In the k-nearest neighbor algorithm (k-NN), the determination of classes for test instances is usually performed via
a majority vote system, which may ignore the similarities among data. In this research, the researcher proposes an approach to
fine-tune the selection of neighbors to be passed to the majority vote system through the construction of a random n-dimensional
hyperstructure around the test instance by introducing a new threshold parameter.

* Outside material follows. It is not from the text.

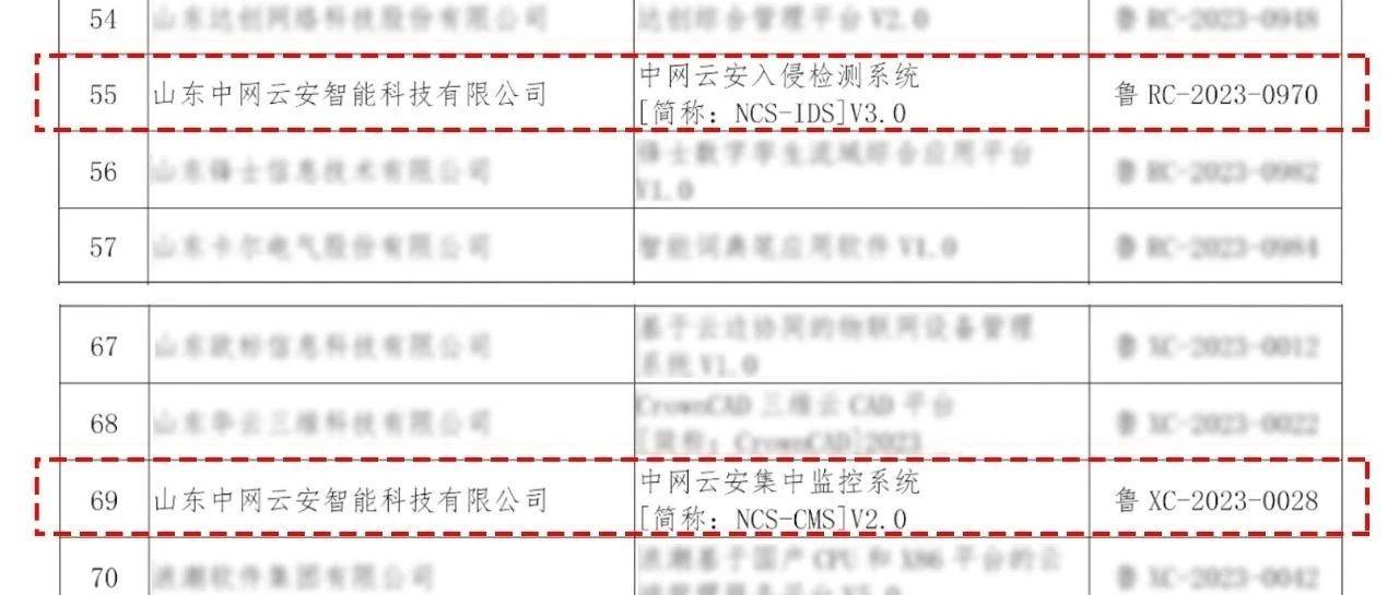 经企业申报、材料初审和专家评审,中网云安两款产品“中网云安入侵检测系统简称:NCS-IDS]V3.0”、“中网云安集中监控系统简称:NCS-CMS]V2....

The accuracy of the proposed k-NN algorithm is 85.71%, while the accuracy of the conventional k-NN algorithm is 80.95%, when performed on the Haberman’s Cancer Survival dataset—and 94.44% for the proposed k-NN algorithm, compared to the conventional’s 88.89% accuracy score on the Seeds dataset. The proposed k-NN algorithm is also on par with the conventional support vector machine algorithm accuracy, even on the Banknote Authentication and Iris datasets, even surpassing the accuracy of support vector machine on the Seeds dataset.

## Pre-processing

In [1]:
# Importing the library
import pandas as pd
from sklearn.model_selection import train_test_split
from sklearn.preprocessing import StandardScaler, LabelEncoder
from sklearn.neighbors import KNeighborsClassifier
from sklearn.metrics import accuracy_score
from sklearn.model_selection import cross_val_score
import matplotlib.pyplot as plt
import numpy as np
from statistics import mean
import sys
import warnings

if not sys.warnoptions:
    warnings.simplefilter("ignore")

In [2]:
# Importing the dataset
dataset = pd.read_csv('iris.txt')
dataset = dataset.apply(LabelEncoder().fit_transform)

In [3]:
dataset.describe().T

Unnamed: 0,count,mean,std,min,25%,50%,75%,max
sepal_length,150.0,15.386667,8.175743,0.0,8.0,15.0,21.0,34.0
sepal_width,150.0,9.573333,4.323103,0.0,7.0,9.0,12.0,22.0
petal_length,150.0,18.193333,11.656549,0.0,6.0,19.5,27.0,42.0
petal_width,150.0,8.993333,6.396829,0.0,2.0,9.0,14.0,21.0
class,150.0,1.0,0.819232,0.0,0.0,1.0,2.0,2.0


In [4]:
dimensions = dataset.shape[1]
# Splitting the dataset in independent and dependent variables
X = dataset.iloc[:,:dimensions].values #first n columns are the features
y = dataset.iloc[:,-1].values #last column is the label

In [5]:
# Splitting the dataset into the training set and test set
test_size = 0.20
X_train, X_test, y_train, y_test = train_test_split(X, y, test_size = test_size)

In [6]:
# Feature scaling to bring the variable in a single scale
sc = StandardScaler()
X_train = sc.fit_transform(X_train)
X_test = sc.transform(X_test)
print(len(X_train), len(X_test))

120 30


## Model selection, k-fold cross-validation, and fitting of the conventional model
Cross-validation is commonly used in applied machine learning to compare and select a model for a given predictive modeling problem because it is easy to understand, easy to implement, and results in skill estimates that generally have a lower bias than other methods.

In [7]:
# Creating list of K for KNN
k_list = list(range(1,20,2))
k_list = [5]
# Creating list of cv scores
cv_scores = []
k_val_scores = []

# Perform 5-fold cross validation
for k in k_list:
    knn = KNeighborsClassifier(n_neighbors=k)
    knn.fit(X_train, y_train)
    y_pred = knn.predict(X_test)
    #print(k, y_test, y_pred)
    score = accuracy_score(y_test, y_pred)
    cv_scores.append(score)
    k_val_scores.append(k)
print("Conventional's mean accuracy: ", max(cv_scores), ", k value:", k_val_scores[cv_scores.index(max(cv_scores))])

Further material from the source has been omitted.